A8 and A17: entities, conditional inclusion, what's XML for?

The discussions of entities and conditional inclusion seem to me to
suggest we may need clarification of some issues, raised by questions A8
and A17.

We might disagree over these because of different views on whether
entities, or conditional inclusion, are needed or desirable for XML as a
mechanism for publication on wide-area networks.

We might disagree because of different views on whether they are
essential for document management in production work on any reasonably
large body of documents.

Or we might disagree because of different views on whether XML's task is
solely to support network distribution and publication of documents, or
to support, as far as possible, production work in managing those
documents.


There doesn't seem to be a lot of need for discussion on the first
point.  I think HTML demonstrates that neither external text entities,
nor conditional inclusion in the DTD, is essential to wide deployment
and acceptance of a system for network distribution of documents.  Some
may think HTML's lack of each of these is a weak point, and it would be
better to have them, but we can't reasonably claim that 'No one will
accept a document markup language that doesn't have external entities',
any more than we could claim 'No one will accept a markup language that
requires lots of angle brackets.'  (I used to hear that a lot.  I don't,
so much, anymore.  Hmm.)


The second point may be more controversial.  It seems so obvious to me
that conditional inclusion and external text entities are essential for
acceptable document management that I have a hard time making a serious
argument; I tend to collapse into sputtering incoherence.  But in case
anyone really thinks they're not needed, I'll try.

On conditional inclusion, I'll just note that there seem to be quite a
few public DTDs which have found it necessary to have more than one
flavor, and which use conditional inclusion of declarations to
accomplish that feat.  In some cases, there are just two flavors; in the
case of the TEI, it's something like a few hundred thousand flavors (not
counting variations caused by suppressing individual elements; if you
count those, there are probably 2**400 or so flavors).  For production
work, it seems better if we can generate the required flavors from a
single copy of the DTD, rather than keeping a copy of each flavor. This
simplifies updates, too.  The TEI may be unusual in its extreme variety,
but even HTML has multiple flavors controlled by marked sections.

On external entities:

(1) External entities allow me to divide a document up into convenient
chunks for editing, for exchange with others working on the same
project, for check-in and check-out, version control, etc.  Any division
into files does this.

(2) Keeping entity syntax allows me to express, in a standard way, how
the different entities of which a document is composed fit together.
The 'cat them all together then call the parser' technique does NOT
allow me to do this:  I lose the ability to document, in a standard way,
how the entity structure of the document works.  (It also forces me to
split my root entity asynchronously in a way I normally avoid.)

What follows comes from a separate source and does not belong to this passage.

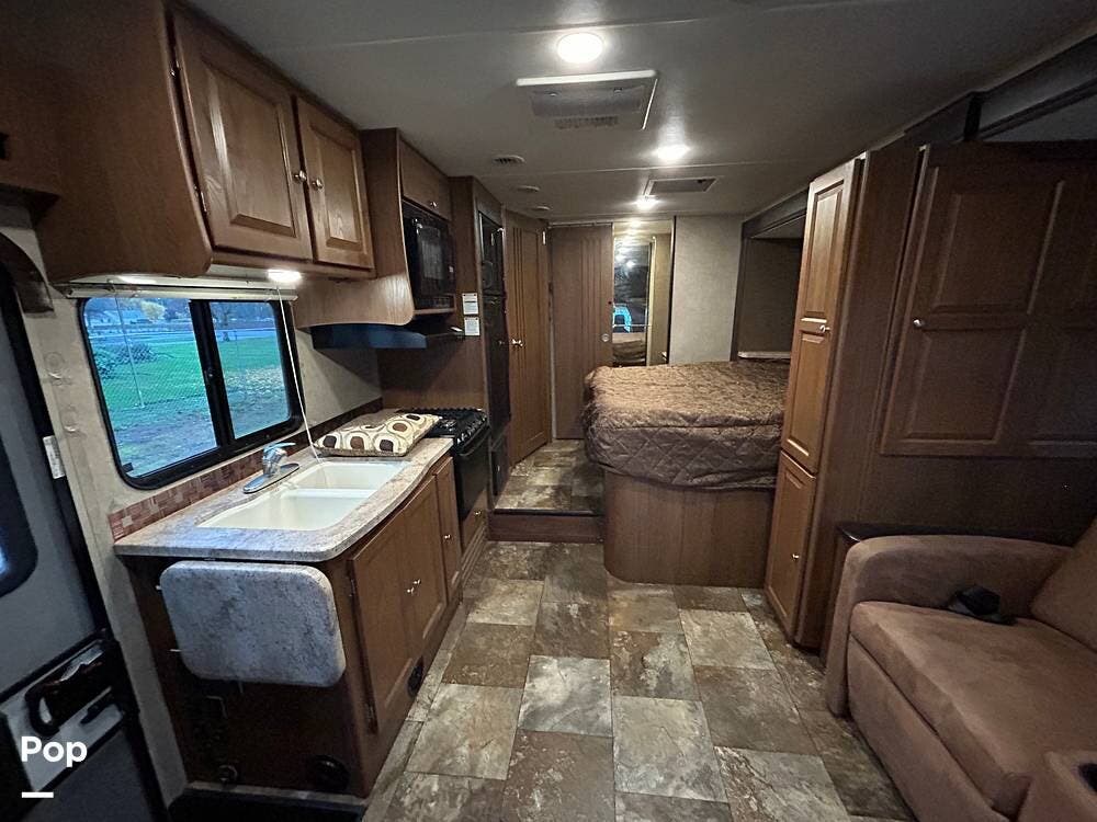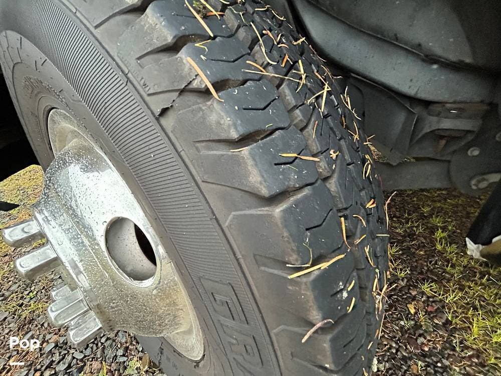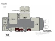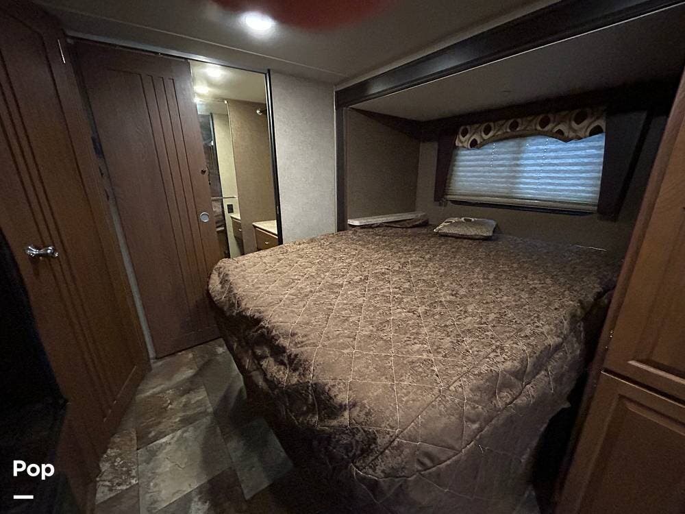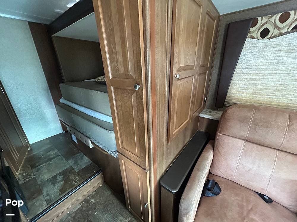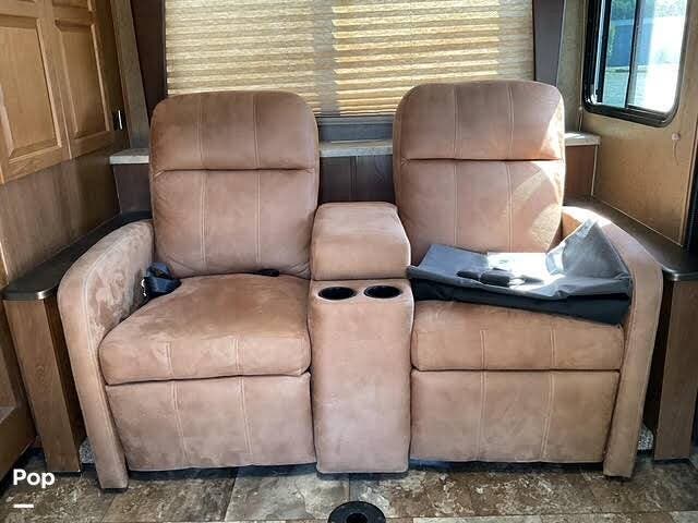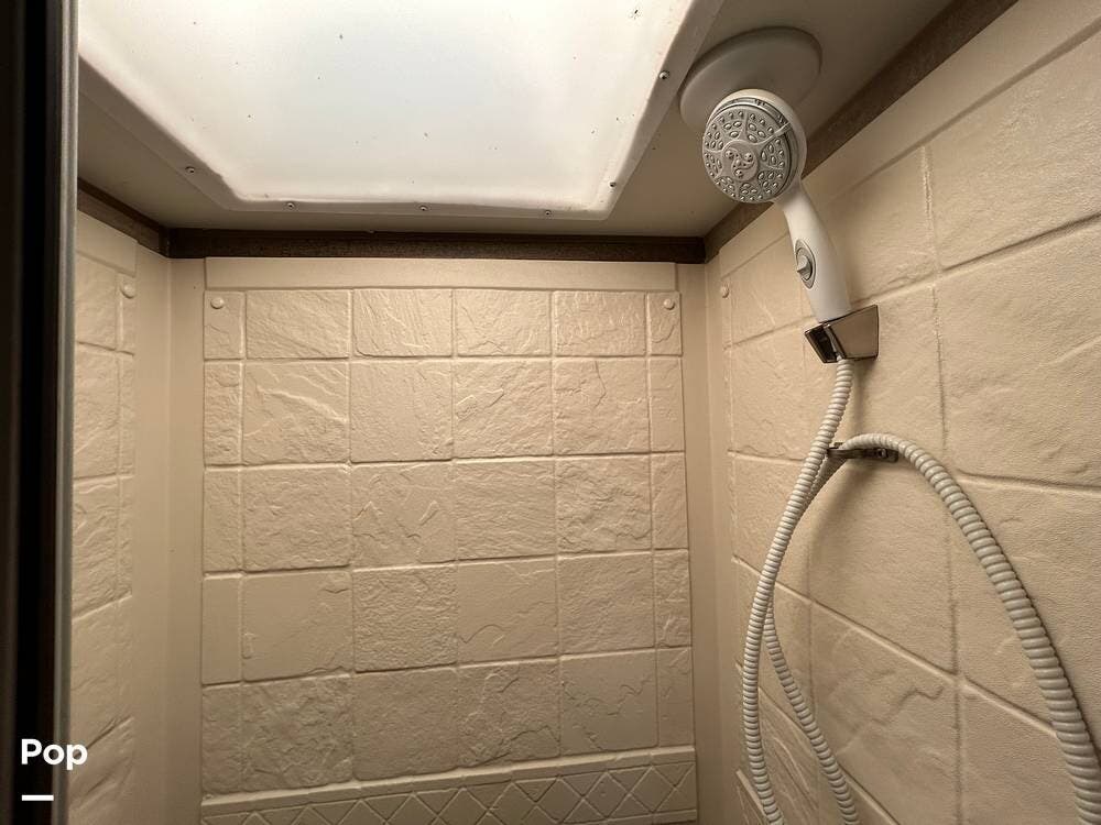 Entertainment brings a 32-inch interior TV above the fireplace, a DVD player, an AM/FM radio, plus a 24-inch outdoor TV on the slide wall. Speakers inside and under the 14-foot awning. Solar prepped.
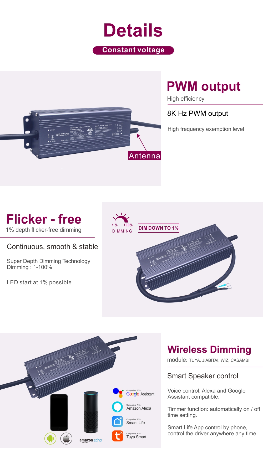 လိုအပ်ချက်ရှိသောပတ်ဝန်းကျင်များအတွက် ဒီဇိုင်းထုတ်ထားပြီး၊ ဤ Tuya Zigbee အဆက်မပြတ်ဗို့အား 24V ဦးဆောင်သော ဒရိုင်ဘာသည် စွမ်းဆောင်ရည်နှင့် တာရှည်ခံမှုကို ပေါင်းစပ်ထားသည်။

(3) In 8879, entities referred to are parsed in context, and the
structure of the document as a whole is validated by the parser.  The
"just refer to them from an empty element' technique makes all my
external entities opaque to validation:  even if they are valid when
viewed in isolation, this technique offers no guarantee that the
elements in the external entities are valid at the point of reference.
If I want to validate the external entities at all, this technique also
limits me to single-element external entities, which is not necessarily
exactly what I want.  Validation using a document grammar is the jewel
of SGML.  I don't want to be forced to do without it.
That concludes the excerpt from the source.